• **Exercise data**
* * *

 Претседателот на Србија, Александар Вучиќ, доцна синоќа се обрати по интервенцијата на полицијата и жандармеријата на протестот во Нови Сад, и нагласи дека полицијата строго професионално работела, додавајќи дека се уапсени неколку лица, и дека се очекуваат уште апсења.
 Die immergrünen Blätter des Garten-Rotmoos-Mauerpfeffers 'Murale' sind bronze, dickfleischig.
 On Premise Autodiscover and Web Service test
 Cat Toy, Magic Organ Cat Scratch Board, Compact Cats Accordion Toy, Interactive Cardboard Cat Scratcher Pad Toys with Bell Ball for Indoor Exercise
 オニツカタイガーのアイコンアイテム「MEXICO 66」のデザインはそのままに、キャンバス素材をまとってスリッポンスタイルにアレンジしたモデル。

* * *

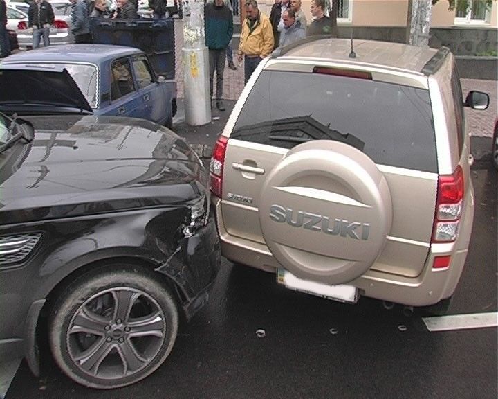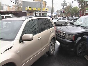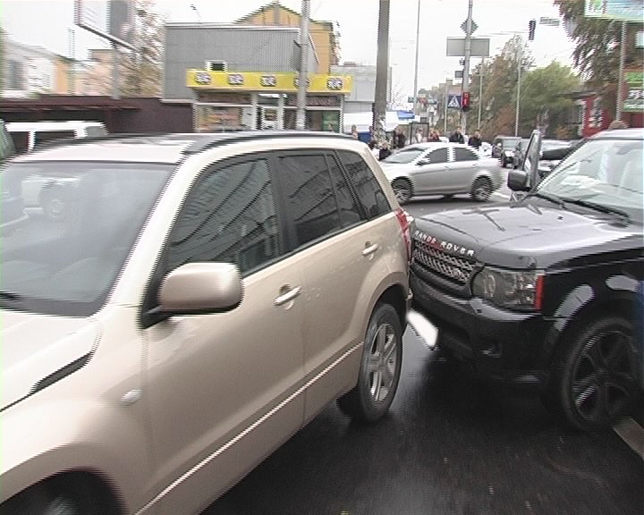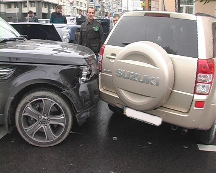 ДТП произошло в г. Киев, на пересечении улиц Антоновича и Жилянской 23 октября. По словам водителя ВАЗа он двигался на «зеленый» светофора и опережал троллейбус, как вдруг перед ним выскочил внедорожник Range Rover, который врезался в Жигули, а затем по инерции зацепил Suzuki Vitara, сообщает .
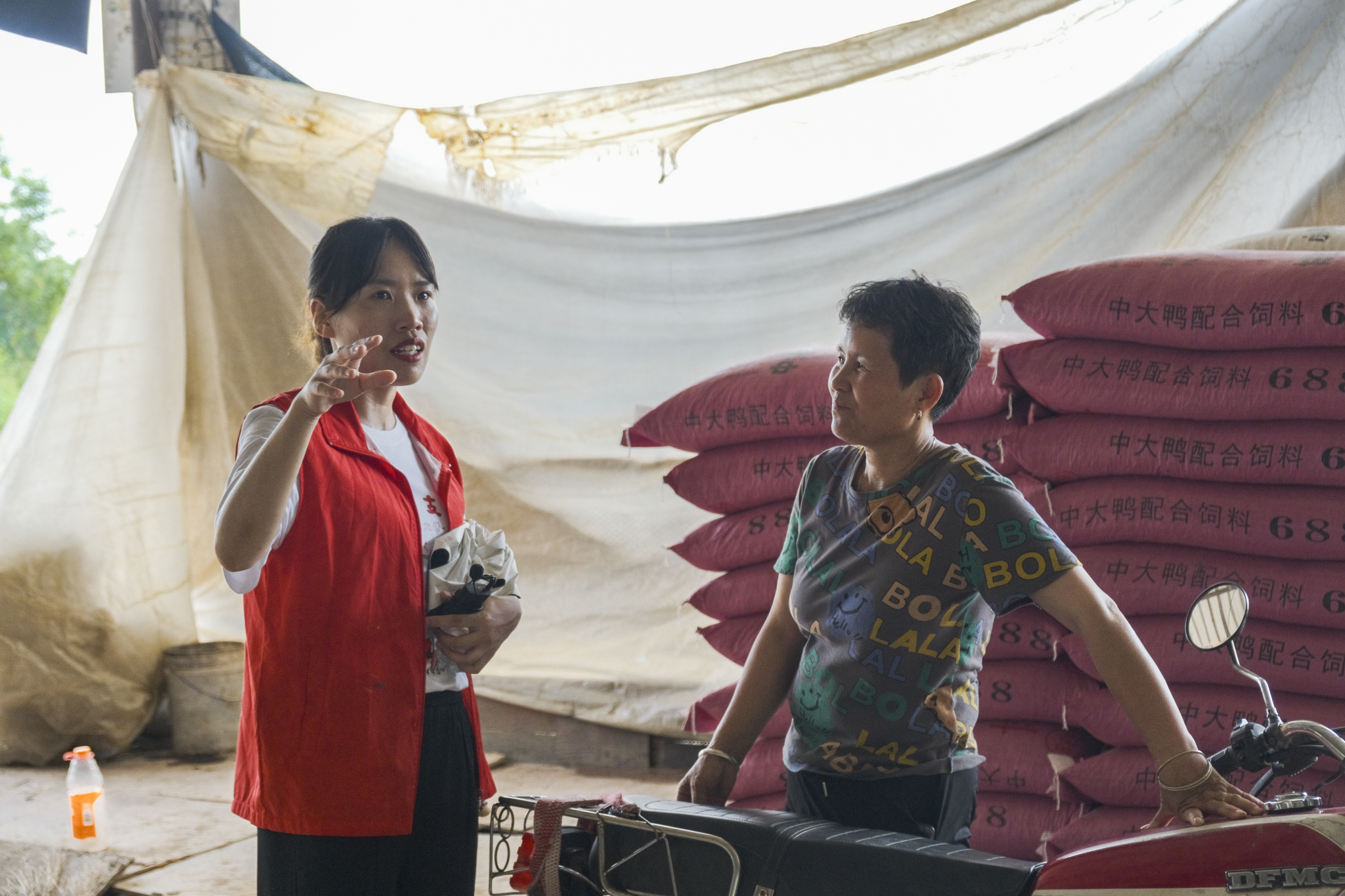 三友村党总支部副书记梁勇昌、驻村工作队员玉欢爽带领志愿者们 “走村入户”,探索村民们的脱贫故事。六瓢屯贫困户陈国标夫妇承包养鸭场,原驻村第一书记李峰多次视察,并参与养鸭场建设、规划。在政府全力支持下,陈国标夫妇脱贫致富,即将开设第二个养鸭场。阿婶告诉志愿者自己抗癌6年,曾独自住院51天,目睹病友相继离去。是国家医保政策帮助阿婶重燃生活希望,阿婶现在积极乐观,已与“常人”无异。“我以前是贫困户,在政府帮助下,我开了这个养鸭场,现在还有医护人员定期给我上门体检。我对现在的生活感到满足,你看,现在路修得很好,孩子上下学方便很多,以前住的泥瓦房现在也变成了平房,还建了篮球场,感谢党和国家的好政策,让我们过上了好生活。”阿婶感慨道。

* * *

• **Task prompt**
From the line holding "On Premise Autodiscover and Web Service test" to the line holding "オニツカタイガーのアイコンア", inclusive, restate each line above exactly as written.

• **Output**
 On Premise Autodiscover and Web Service test
 Cat Toy, Magic Organ Cat Scratch Board, Compact Cats Accordion Toy, Interactive Cardboard Cat Scratcher Pad Toys with Bell Ball for Indoor Exercise
 オニツカタイガーのアイコンアイテム「MEXICO 66」のデザインはそのままに、キャンバス素材をまとってスリッポンスタイルにアレンジしたモデル。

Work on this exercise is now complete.